Fig. 5. PROM1 is polycomb-repressed in CD133− leukemia cells.

a MLL-N, H3K79me2, H3K79me3, H3K27ac, H3K4me1, H3K4me3, H3K27me3 and EZH2 ChIP-seq, and ATAC-seq at PROM1 and TAPT1 in THP1 cells. H3K27me3 ChIP-seq at PROM1 and TAPT1 in SEM cells. b MLL-N, H3K27me3, and EZH2 ChIP-seq at PROM1 and TAPT1 in RCH-ACV cells. c Comparison of Capture-C tracks from the promoter of PROM1 and TAPT1 in SEM (black) and THP1 (red) cells. Gray bars show the Capture-C viewpoint.
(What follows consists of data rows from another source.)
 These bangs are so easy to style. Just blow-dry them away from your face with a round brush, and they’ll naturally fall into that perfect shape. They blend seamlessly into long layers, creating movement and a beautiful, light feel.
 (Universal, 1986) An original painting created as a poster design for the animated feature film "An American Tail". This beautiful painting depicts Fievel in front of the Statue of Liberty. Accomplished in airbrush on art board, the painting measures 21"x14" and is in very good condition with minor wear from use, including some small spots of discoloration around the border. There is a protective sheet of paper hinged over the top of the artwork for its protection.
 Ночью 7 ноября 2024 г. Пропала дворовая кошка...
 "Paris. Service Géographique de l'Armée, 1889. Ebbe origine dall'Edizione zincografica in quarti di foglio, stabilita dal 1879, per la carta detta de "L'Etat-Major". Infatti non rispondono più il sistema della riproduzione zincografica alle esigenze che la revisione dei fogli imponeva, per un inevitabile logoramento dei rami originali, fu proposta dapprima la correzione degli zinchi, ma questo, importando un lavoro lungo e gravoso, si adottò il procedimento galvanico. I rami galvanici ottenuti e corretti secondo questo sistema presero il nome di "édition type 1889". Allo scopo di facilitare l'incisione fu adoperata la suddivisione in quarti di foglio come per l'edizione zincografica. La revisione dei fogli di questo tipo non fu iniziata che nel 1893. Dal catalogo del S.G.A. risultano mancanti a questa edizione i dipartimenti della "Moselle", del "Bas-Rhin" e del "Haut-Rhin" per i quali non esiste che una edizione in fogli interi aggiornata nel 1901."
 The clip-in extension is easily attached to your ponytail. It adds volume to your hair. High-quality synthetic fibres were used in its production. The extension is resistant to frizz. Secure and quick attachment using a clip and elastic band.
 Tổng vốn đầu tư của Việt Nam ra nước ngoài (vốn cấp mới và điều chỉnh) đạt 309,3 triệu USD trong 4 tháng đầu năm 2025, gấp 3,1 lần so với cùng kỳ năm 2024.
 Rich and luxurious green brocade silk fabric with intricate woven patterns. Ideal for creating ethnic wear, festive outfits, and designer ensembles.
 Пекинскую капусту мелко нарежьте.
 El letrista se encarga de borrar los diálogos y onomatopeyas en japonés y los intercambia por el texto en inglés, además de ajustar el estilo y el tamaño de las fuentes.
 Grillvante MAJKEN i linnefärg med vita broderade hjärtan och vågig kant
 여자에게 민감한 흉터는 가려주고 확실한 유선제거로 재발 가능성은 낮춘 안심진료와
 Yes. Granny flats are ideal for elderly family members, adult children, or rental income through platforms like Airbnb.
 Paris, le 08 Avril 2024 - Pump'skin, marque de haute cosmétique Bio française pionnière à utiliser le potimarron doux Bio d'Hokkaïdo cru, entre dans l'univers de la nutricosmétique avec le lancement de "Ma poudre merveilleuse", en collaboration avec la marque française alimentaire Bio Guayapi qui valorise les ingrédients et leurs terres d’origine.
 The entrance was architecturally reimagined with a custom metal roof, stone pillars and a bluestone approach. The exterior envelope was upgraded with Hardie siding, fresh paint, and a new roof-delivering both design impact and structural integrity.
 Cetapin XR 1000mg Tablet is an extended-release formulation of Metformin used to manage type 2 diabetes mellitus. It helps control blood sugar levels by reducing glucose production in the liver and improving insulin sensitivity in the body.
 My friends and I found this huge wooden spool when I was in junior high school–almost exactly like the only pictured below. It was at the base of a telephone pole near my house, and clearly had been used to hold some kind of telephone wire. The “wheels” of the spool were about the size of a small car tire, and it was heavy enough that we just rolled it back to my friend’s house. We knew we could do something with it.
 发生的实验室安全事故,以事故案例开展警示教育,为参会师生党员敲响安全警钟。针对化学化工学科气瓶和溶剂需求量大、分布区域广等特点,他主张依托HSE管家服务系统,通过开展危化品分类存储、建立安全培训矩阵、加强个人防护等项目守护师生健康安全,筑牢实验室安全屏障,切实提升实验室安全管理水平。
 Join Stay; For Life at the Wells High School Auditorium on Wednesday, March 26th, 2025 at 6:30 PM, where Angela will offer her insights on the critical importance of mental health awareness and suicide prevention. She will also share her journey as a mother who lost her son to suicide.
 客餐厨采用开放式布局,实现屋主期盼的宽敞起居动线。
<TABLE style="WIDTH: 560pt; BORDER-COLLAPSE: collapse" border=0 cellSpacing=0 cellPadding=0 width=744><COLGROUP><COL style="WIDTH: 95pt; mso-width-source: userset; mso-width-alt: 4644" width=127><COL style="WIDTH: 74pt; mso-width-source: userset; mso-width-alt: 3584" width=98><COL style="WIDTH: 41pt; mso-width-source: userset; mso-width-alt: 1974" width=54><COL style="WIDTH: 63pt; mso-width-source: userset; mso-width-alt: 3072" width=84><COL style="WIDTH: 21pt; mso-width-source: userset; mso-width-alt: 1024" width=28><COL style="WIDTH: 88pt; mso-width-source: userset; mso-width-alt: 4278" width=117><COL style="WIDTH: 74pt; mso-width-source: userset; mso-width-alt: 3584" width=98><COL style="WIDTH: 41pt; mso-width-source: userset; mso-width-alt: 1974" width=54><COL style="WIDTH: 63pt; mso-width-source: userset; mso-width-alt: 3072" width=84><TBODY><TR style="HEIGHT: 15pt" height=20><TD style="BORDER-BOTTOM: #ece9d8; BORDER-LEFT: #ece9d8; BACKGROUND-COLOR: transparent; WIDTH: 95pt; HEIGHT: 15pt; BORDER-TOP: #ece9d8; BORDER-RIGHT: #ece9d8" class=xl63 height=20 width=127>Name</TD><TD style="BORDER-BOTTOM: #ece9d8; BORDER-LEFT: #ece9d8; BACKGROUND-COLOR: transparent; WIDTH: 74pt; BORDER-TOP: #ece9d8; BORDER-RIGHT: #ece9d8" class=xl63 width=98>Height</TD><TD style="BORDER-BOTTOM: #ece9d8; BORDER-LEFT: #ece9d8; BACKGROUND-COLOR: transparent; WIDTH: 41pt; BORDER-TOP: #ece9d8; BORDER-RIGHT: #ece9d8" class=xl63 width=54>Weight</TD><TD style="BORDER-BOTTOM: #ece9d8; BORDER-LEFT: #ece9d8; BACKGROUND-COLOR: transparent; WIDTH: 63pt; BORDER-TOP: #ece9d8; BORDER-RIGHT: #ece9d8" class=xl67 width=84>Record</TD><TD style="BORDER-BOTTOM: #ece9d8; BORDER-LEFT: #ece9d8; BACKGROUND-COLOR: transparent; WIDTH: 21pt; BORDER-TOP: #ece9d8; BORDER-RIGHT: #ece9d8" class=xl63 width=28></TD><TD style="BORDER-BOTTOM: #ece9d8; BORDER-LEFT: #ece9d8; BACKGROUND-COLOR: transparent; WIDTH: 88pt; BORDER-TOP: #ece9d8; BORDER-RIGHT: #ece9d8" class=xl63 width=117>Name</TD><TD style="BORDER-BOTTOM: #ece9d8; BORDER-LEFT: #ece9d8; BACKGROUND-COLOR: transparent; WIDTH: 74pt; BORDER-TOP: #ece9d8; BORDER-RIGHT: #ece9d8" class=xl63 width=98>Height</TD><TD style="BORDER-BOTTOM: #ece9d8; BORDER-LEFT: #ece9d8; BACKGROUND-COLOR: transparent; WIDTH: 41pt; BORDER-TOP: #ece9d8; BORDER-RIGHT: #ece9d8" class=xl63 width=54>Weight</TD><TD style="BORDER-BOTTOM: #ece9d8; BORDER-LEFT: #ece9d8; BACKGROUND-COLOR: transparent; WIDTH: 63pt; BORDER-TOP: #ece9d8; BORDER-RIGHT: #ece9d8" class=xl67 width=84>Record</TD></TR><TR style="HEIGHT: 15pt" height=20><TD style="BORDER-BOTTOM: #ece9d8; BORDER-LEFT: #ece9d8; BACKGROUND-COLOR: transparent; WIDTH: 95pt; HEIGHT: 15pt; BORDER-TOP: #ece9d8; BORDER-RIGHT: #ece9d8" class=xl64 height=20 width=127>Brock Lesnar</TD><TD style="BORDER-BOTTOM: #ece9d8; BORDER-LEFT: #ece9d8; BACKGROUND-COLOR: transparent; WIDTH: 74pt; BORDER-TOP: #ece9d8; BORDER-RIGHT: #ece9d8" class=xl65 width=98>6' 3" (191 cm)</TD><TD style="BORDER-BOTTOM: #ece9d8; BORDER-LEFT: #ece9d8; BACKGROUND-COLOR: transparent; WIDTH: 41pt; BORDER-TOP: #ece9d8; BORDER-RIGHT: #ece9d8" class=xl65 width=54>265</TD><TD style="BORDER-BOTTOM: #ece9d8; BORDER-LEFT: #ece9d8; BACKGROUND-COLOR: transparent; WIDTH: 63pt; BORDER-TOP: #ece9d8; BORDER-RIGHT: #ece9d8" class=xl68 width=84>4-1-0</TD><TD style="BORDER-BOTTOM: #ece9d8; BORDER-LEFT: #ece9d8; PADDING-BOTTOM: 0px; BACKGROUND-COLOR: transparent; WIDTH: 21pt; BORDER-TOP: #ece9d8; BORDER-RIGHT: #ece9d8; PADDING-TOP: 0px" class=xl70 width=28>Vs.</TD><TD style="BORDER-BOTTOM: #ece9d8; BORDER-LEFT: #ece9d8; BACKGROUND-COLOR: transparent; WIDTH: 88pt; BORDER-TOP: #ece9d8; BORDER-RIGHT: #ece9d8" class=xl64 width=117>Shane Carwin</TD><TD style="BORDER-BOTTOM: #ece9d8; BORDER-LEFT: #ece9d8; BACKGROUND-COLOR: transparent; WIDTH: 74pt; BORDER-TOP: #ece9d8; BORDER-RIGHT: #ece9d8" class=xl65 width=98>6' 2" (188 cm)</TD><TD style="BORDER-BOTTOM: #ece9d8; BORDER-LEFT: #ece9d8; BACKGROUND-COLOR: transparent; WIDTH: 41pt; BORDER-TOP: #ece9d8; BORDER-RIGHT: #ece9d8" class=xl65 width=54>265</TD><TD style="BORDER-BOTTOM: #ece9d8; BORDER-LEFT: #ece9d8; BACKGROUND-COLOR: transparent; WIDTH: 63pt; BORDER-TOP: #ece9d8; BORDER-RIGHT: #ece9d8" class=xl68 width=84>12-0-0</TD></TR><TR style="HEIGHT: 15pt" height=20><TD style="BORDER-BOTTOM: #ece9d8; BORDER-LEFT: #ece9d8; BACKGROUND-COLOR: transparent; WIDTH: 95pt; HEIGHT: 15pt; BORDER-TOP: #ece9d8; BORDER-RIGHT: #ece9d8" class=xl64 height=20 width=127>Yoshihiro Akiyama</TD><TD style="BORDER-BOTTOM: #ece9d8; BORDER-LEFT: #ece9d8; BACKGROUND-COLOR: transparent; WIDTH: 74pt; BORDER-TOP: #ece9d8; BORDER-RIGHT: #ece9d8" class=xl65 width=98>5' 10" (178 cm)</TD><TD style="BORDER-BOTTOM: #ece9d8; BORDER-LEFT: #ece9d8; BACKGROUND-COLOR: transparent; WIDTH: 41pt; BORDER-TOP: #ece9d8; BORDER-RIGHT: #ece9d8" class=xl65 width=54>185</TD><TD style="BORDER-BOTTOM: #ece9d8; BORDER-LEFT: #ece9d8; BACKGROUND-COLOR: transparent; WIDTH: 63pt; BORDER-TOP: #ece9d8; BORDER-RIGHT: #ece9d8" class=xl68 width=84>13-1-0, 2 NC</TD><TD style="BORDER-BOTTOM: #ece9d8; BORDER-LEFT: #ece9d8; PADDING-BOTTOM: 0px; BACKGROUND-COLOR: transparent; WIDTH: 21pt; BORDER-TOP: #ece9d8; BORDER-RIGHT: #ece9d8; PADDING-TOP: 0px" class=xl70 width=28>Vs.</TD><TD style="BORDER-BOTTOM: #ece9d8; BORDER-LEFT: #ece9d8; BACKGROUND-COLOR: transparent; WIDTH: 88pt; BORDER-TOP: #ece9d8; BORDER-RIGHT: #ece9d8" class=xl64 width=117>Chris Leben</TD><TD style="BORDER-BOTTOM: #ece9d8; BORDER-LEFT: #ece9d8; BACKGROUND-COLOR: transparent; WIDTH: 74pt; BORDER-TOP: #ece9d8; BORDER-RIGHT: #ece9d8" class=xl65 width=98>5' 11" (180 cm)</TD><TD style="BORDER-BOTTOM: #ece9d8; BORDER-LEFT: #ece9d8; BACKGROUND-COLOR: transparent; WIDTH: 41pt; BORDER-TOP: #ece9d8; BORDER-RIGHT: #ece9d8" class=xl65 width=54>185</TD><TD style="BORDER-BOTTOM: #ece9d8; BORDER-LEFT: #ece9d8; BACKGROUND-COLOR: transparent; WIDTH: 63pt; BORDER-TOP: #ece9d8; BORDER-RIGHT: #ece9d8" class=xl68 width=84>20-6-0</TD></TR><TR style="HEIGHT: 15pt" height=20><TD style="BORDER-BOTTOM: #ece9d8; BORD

Tracks are the mean of three biological replicates. d Capture-C from the PROM1 and TAPT1 promoter in control (DMSO; black) and EPZ-5676-treated (DOT1Li; orange) THP1 cells. Differential tracks show the change in Capture-C signal (black: increases; red: decreases). Tracks represent the mean of three biological replicates. e Model for coregulation of PROM1 and TAPT1 expression. Left: in CD133-positive MLLr cells, the MLL fusion protein (MLL-FP) binds at the promoters of PROM1 and TAPT1 and spreads into the gene body. Recruitment of DOT1L results in elevated H3K79me2/3 levels, facilitating enhancer activity. These KEEs come into proximity with the promoters of both genes, upregulating expression of PROM1 and TAPT1. Right: in CD133-negative MLLr cells, PRC2 binding at the promoter of PROM1 generates a localized peak of H3K27me3 and disrupts MLL-FP binding at the promoter and gene body, repressing PROM1 expression. MLL-FP is still able to bind at the promoter of TAPT1, but for unknown reasons does not spread into the gene body. The lack of MLL-FP spreading within PROM1 and TAPT1 prevents the formation of KEEs, so the expression of neither gene is upregulated.